Je ne savais même pas quoi lui dire, tant son ton presque suppliant me surprenait. Je n’allais pas prétendre que j’étais habituée à sa mauvaise humeur bien sûr mais en même temps, je ne pouvais absolument pas nier que cela n’avait absolument rien de simple. Alors je n’ajoutai rien, le regardant de loin alors que je tentais de comprendre. Je n’osais même plus broncher, tant je ne voulais pas dire de connerie, ou le blesser. D’un seul coup, il était passé du statut d’abruti à celui de chose fragile. Et je ne savais même pas pourquoi c’était arrivé, ni comment, en fin de compte. Mais je trouvais tout de même incroyable. J’avais voulu lui arracher les yeux et maintenant, j’avais envie de lui faire un câlin. C’était à ce point, que la situation était étrange. Mais cela m’amusait, quoi que je puisse en dire. Mon regard s’attarda sur sa cravate, me rappelant cette petite scène qu’il y avait eu.
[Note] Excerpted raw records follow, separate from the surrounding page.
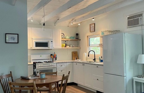 Breezy Cottage has just been completely renovated. We’ve added A/C and Wifi. It has an open concept great room and kitchen. The vaulted ceiling and original beams give the cottage a breezy airy feeling.
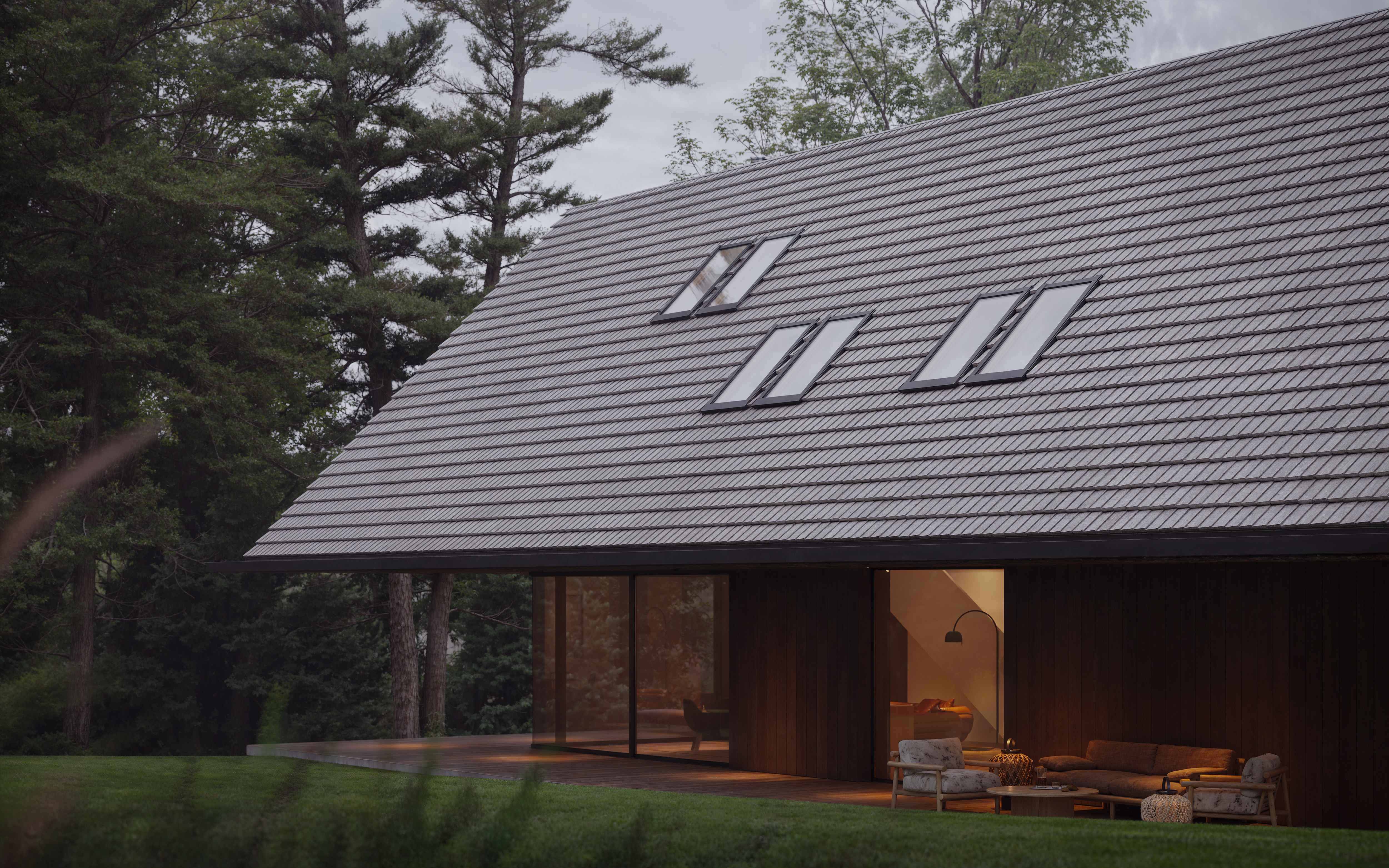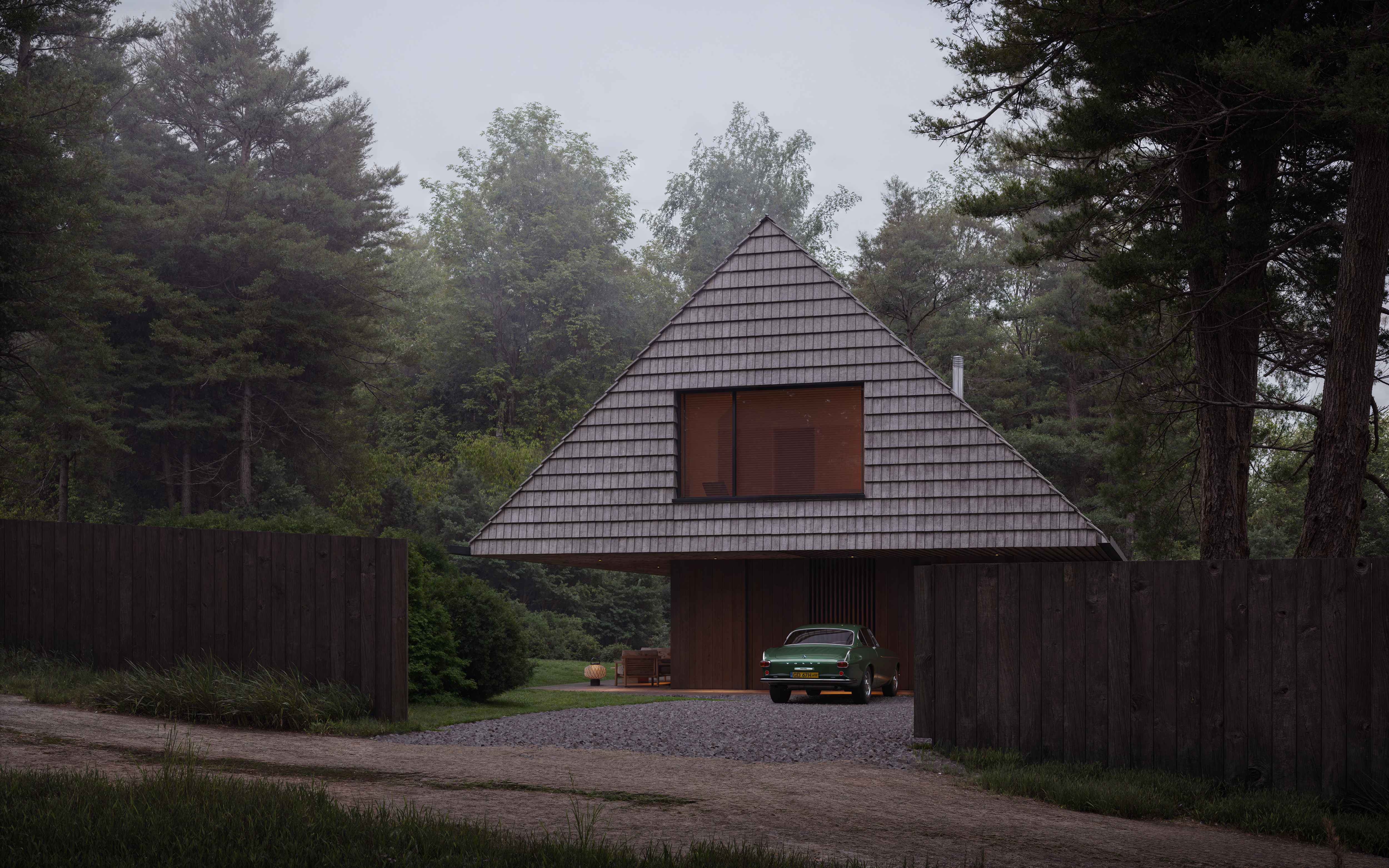 Nowoczesna stodoła w leśnym krajobrazie
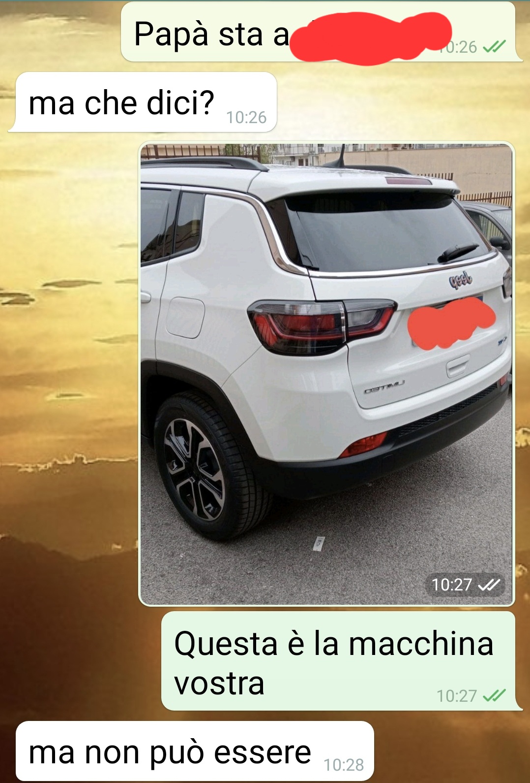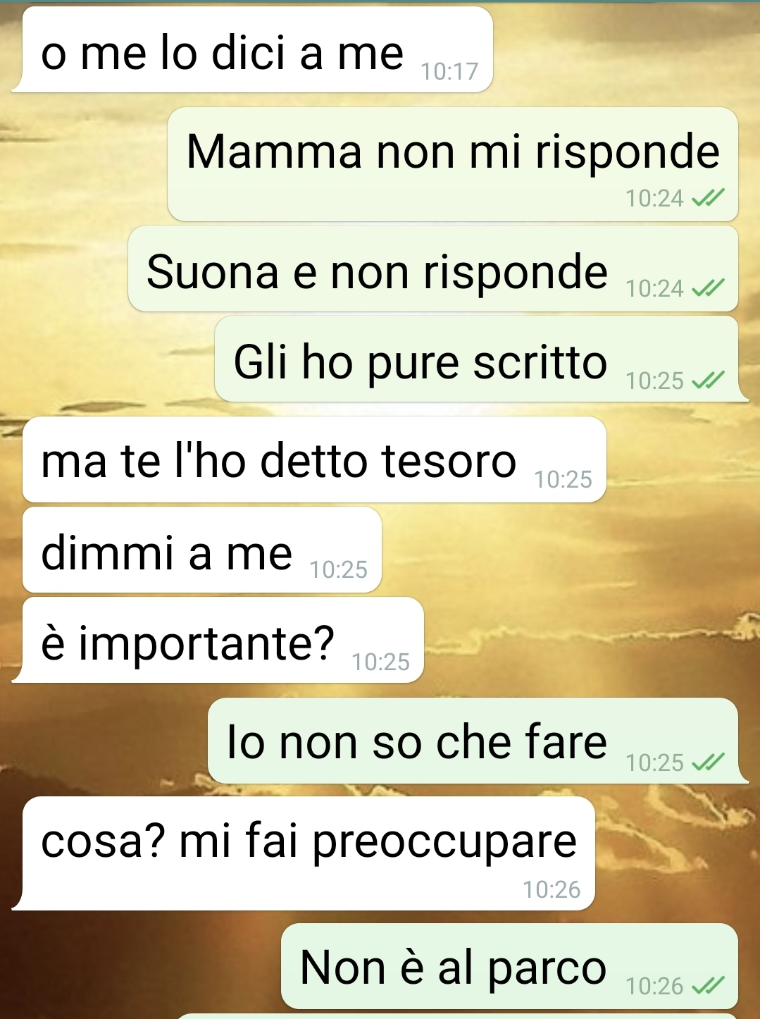 sono Nadia e vi mando questa chat per sapere che ne pensate, dove ho sbagliato (perché sicuramente qualcosa ho sbagliato) e come dovrei comportarmi adesso. Io alla fine ero solo preoccupata per il chihuawa o come cavolo si scrive di mia madre. Infatti stavo andando a casa di una mia collega di università e vedo Patato dentro quella che sembra la macchina dei miei, in un parcheggio in città. La macchina è sotto il sole e con i finestrini chiusi. Scrivo quindi a mia madre pensando che siano lì da qualche parte, ma invece comincia il casino più totale. Mia madre è a casa, mio padre non risponde al cellulare e dovrebbe essere al parco a correre da tutt’altra parte della città. Forse dovevo gestirla meglio sta situazione torbida. Almeno Patato adesso sta bene, ma che devo fare con quell’ultimo screen? Dirlo a mamma? Dimenticarlo? Affrontare papà? Che dilemmi, mi rodono dentro.

Ce truc si étrange, qu’il avait pu se passer entre nous. Il dut capter mon regard, parce qu’il s’excusa. Et ça, il ne l’avait pas fait depuis une éternité. Je n’étais même pas certaine qu’il l’ait un jour fait, en fin de compte. J’allais lui répondre, et lui parler lorsqu’il reprit la parole, me disant que si je ne voulais pas y aller, je n’y étais pas obligée. Ce qui n’était pas plus mal, bien sûr, mais je ne pouvais pas vraiment nier que cela me dérangeait vraiment. Maintenant qu’il s’était calmé, il avait réussi à me calmer, moi aussi. Et grâce à ça, j’en venais sincèrement à vouloir y aller, avec lui. Peut-être que la soirée serait chiante, mais ça, il semblait le penser lui aussi. Je rougis, en tout cas, lorsqu’il me fit un compliment. Je ne pouvais pas vraiment prétendre que cela ne me paraissait pas étrange. Au contraire, d’ailleurs, cela me faisait plaisir, quoi que je puisse bien en dire. Il disait que j’étais jolie, après tout. Et cela me touchait. Sans doute plus que je n’aurais pu le vouloir.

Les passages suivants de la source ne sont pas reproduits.